RStudio Cloud is a hosted version of RStudio in the cloud.
- Click \(\Rightarrow\) RStudio Cloud.

1.3.1 Understanding your Working Environment

1.3.2 Variable & Assignment Operator

1.4 Installing R Packages

Packages are collection of functions and datasets that add new features to R.
Most R packages are available from CRAN, the official R repository.
- CRAN is a network of servers (called mirrors) around the world.
Packages on CRAN are checked before they are published, to make sure they don’t contain malicious components.

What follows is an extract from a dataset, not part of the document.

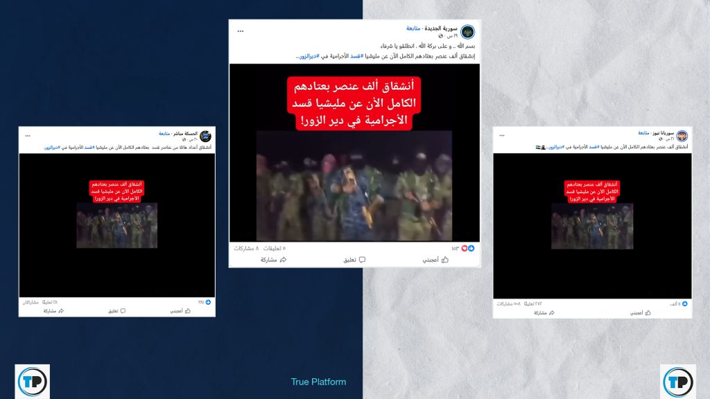 📍تداولت صفحات وحسابات عبر منصة فيسبوك، مؤخراً، مقطع فيديو مع ادعاء أنه يوثّق انشقاق أكثر من ألف عنصر من قوات سوريا الديمقراطية بعتادهم الكامل في دير الزور.

1.4.1 Installing R packages from the Terminal

To install R packages from the Terminal, follow these steps:
1. Open the Terminal.
2. Type and run the following command. Make sure to replace package_name1 with an actual package name, such as ggplot2:
- install.packages("package_name1").
You can also install multiple packages at the same time with both the R command line and RStudio. Just separate the individual packages with commas:
- install.packages("package_name1", "package_name2").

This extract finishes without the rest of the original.